Fourthly, the planning idea stresses the importance of knowing about the issues, experiences, potentialities and conflicting pressures that arise in any context of collective action. However, this ‘knowing about’ does not necessarily imply scientific or systematic knowledge, or

technical expertise, though these may be very valuable resources to inform collective action. It also includes all kinds of experiential knowledge and cultural appreciations. Translated into the field of place-governance, this implies drawing on people’s experiences of dwelling and moving around in time and space, but also on cultural expressions in all kinds of media, as well as the systematic sciences of urban and regional dynamics.

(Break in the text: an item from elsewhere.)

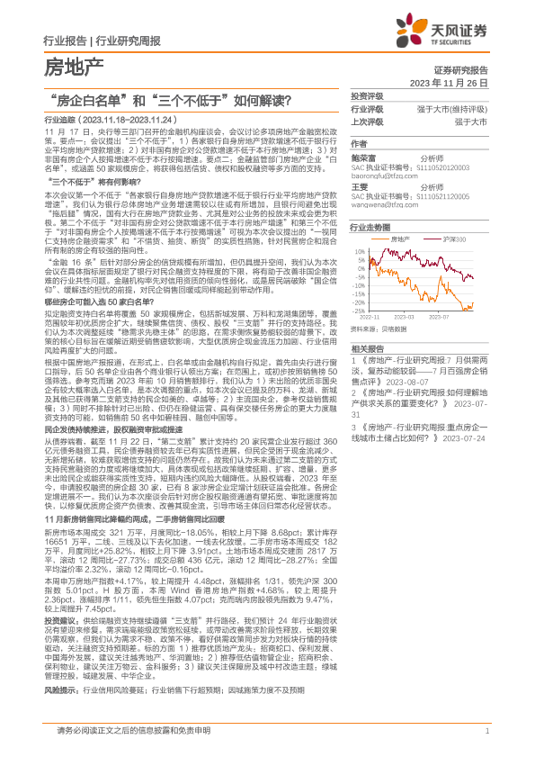 【天风证券】【20231126】“房企白名单”和“三个不低于”如何解读?-20页

Fifthly, the planning idea values forms of government that do not hide their processes inside the procedures of bureaucracy or the cloaks and daggers of political gamesmanship. Instead, the ambition is to seek open and transparent ways of arriving at an understanding of what issues are at stake, how they could be addressed and what difference it might make, to what and to whom, if they were to be addressed in one way or another. The idea thus stresses carrying out policy argumentation in the open, in transparent ways. It is this element of the planning idea that has helped to create the paraphernalia of plans, policy statements, visions and strategies that, paradoxically, often then seem to clutter up the practice of planning in many situations.

Nevertheless, it is not the idea of open argumentation that is at fault here. The clutter arises partly from a failure to think through carefully what it means to argue in the open, but also because the planning idea itself has been drowned by other ways of doing governance work.

The planning project, then, understood as an orienting and mobilising set of ideas, centres on deliberate collective action; that is, on governance activity, to improve place qualities, infused with a particular orientation. Such an orientation is not necessarily lodged in organisations and government systems that carry the name ‘planning’. Because the idea of planning has often been subverted in the practices that invoke the name of planning, I refer to practices that are infused with the project’s values by the longer phrase ‘place-governance with a planning orientation’.

Both as a set of ideas and as practices seeking to realise them, the planning project has arisen in the particular context of complex, urbanised societies. In such situations, we humans, with our diverse experiences and aspirations, are ‘throwntogether’ (Massey 2005), in political communities and in places, and then have to sort out how to live with each other and with non- humans. When institutionalised, the idea will always be challenged and struggled over. If a stable strategy is arrived at in one period, however inclusive its intentions and however much it has liberated potentialities among most members of the relevant political community, it will also be experienced as a constraining piece of government infrastructure. And the danger of

capture by a narrow group of interests or a narrow definition of the project is ever present. The planning idea is always liable to lose its meanings if it settles unreflexively into an

organisational niche, discarding elements that do not seem to fit. So practices of place-

governance need to be subject to continual evaluation and critique to assess whether they still have any connection to a planning orientation. The general attributes of the planning idea that I have articulated here provide one way to evaluate place-governance practices, and to

challenge the subversion of planning-oriented governance practices by narrower, regressive interests.